THE WEEKS MASH UP:Daring to Live

 

Last week, I was listening to Marcus and Leo of Capital FM talking about how everyone breaks their New Years resolutions by the 14th of Jan. This is true but I am not one to back down from a challenge. I had only a single resolution; never to hold back. As short as the sentence is, it’s bound for life imprisonment and lately; Kenyan prisoners have been apparently walking away from their chains. It happened twice this week. This would draw envy from unlikely quarters such as Paul and Silas’ opening of the prison gates during Roman Bible times. I guess they have been inspired by stories from Super Series such as Prison Break that is currently inspiring grunts and screams from my mum. It is being aired on KTN and although I already watched the whole 1st season I love to see the wrinkles forming on the faces of my family as they paste their eyes on the suspense of the series.

 Hey Couch Tato, I checked out your blog. It’s a great big/small screen review site! Psst, someone has already acquired the complete 24 season 6; believe it or not! Keep an eye out on the Golden Globe Awards. 

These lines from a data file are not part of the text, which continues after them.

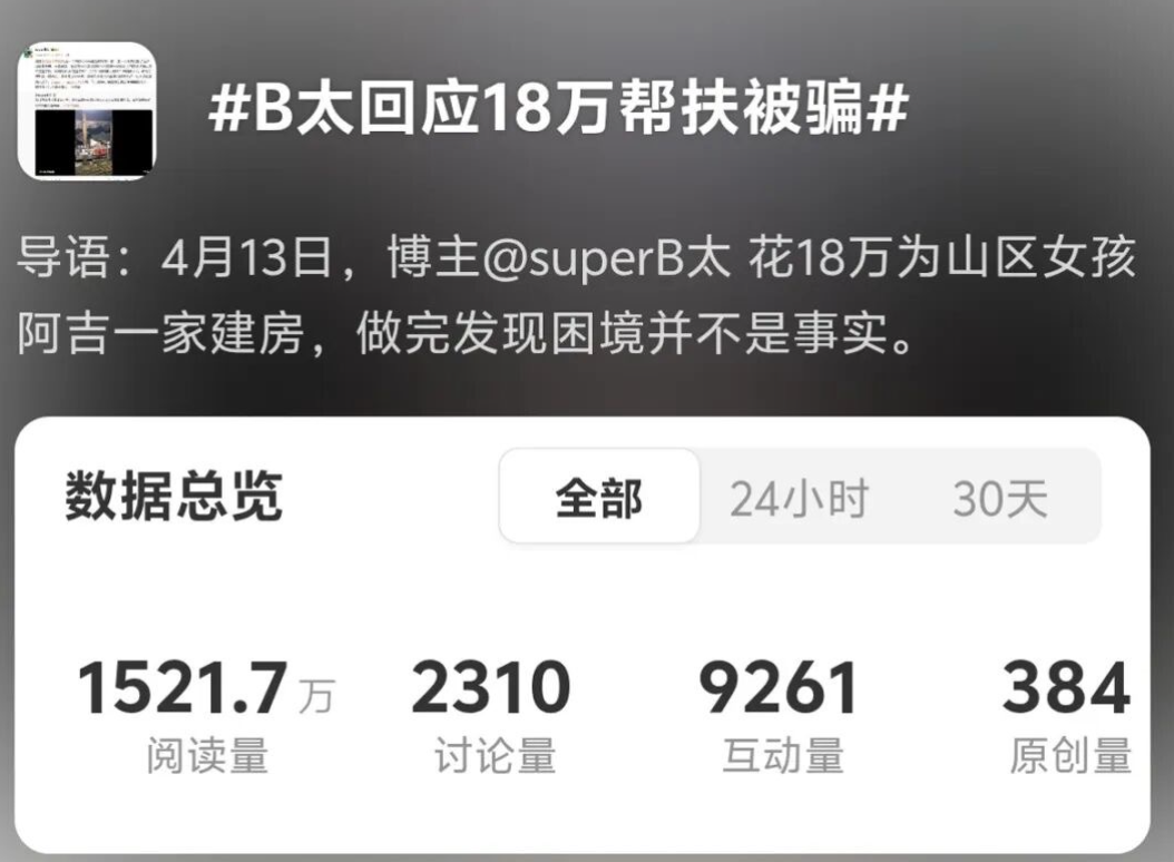 4月13日,百万粉丝博主B太发视频称,花18万为山区女孩阿吉一家建房,完成后发现他们的困境并不是事实,相关话题登上热搜。
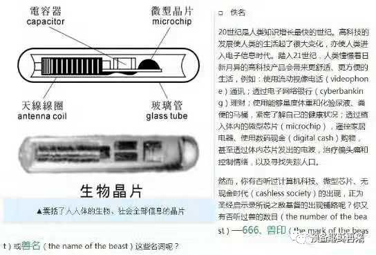 有人说人体芯片和兽的印记没有半毛钱的关系,人体芯片只能给生活带来方便。让我们从人体芯片的构造和 机能来看看,人体芯片和兽的印记以及 敌基督的统治 到底有没有关系。
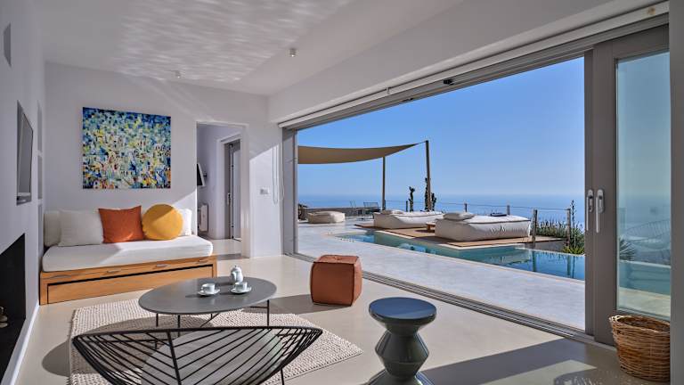 Die Suiten im Santorini Heights sind luxuriös eingerichtet und bieten Ihnen alle Annehmlichkeiten, die Sie für einen erholsamen Aufenthalt benötigen. Jede Suite verfügt über einen beheizten Pool, in den Superior Suiten gibt es sogar einen eigenen Infinity-Pool für zusätzlichen Luxus. Die Zimmer sind mit einem Ess- und einem Sitzbereich mit einem Smart-TV ausgestattet und verfügen über eine komplett ausgestattete Küche. Einige Suiten bieten auch einen Balkon, auf dem Sie Yoga machen oder den Sonnenuntergang bei einem Cocktail genießen können.
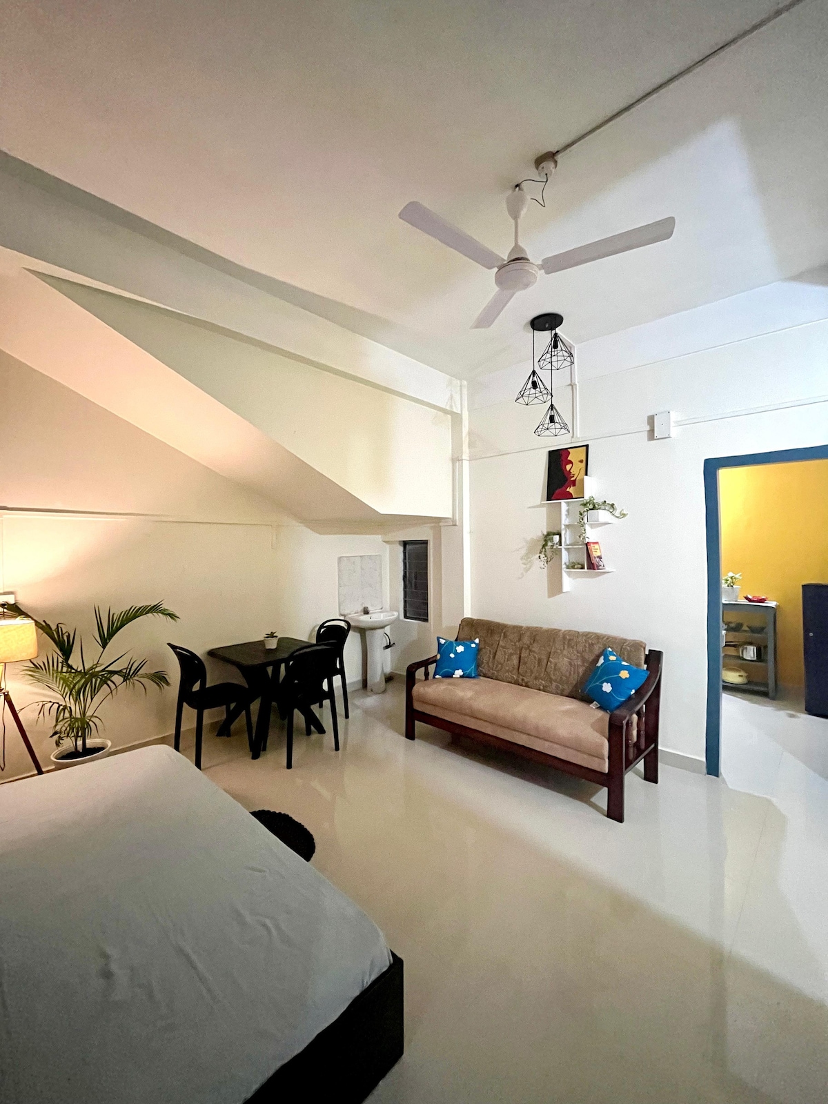 A cute & cosy spot (entire place) with a cuter patio for anyone who needs a break! In the second floor of a two-storied home, separate private entrance. Well ventilated (& has AC), comfortable, peaceful, centrally located and very safe. The amenities are exactly as is visible in the photos. Has high speed wifi. A special note: Safe space for all women travellers. Please keep in mind the following : Overnight stays only. Couples above the age of 21. Government IDs at the time of checking-in.
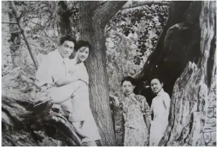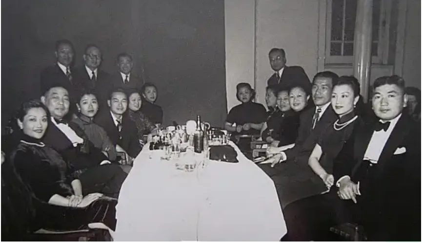 这张应该是1950年在上海的一次聚会,想给大家看的是右二的严仁美。家世显赫,气质非凡的绝色佳人,
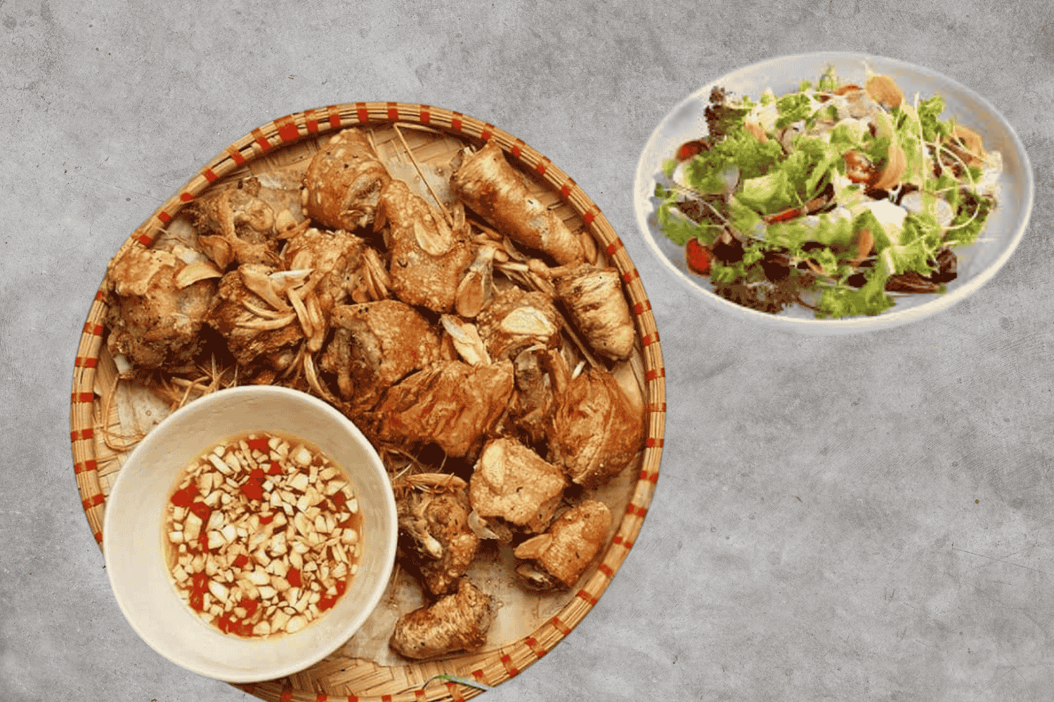 Hương vị: Giòn rụm bên ngoài, mềm béo bên trong, thấm vị gia vị tỏi, ớt, tiêu.

Yesterday, I decided to be more specific and promised myself that I would make sure that I meet and talk to a new lady each day. I have always known that I am shy but now I want to break this chain and behave like the US on AlQaeda in Somalia. The US dares to live (then die in mini-9/11s), which is the year’s theme of this blog. I plan to stick to my dare by ensuring that if I do not perform it, it must be carried forward. I began serving this life sentence on Thurs of which I made a new pal. I failed on Friday so today; I have to talk to two ladies. Somebody might ask what about the men? Oh, yes what about them?

 

Never holding back also includes making money, which is why Bugzzalot Amateur Business School (BABS) will be particularly active this year. There are several ideas raging from the many guys in my MPD head. Strangely enough, Celtel’s Uhuru offer gave Safaricom a run for their greens but MJ (Michael Joseph, CEO Safcom) still had a moonwalk and a swing for their pink golf balls. He introduced the Saasa Tariff that I am currently enjoying. My sweet nothings now occur from 2-8p.m at only KSh.8 per minute. SMS is at KSh.2.50 so nyeee nye nye to the Pinkies. Meanwhile, the current Safcom ad is boring me to death!! It reminds me of a certain long dragging high school hymnal. They might as well have used a soundtrack like ‘Joto Wangu’ by Circute who is so offbeat while he raps that he takes the whack flow phenomenon to the 4th dimension. DJ John then dares to live by pitting Ciara’s ‘Promise’ against him in H2O’s battle of the beats. The Safari Cane ‘Exactly…’ ad has also been voted by Bugzzalot as the worst TV ad but there is never bad publicity.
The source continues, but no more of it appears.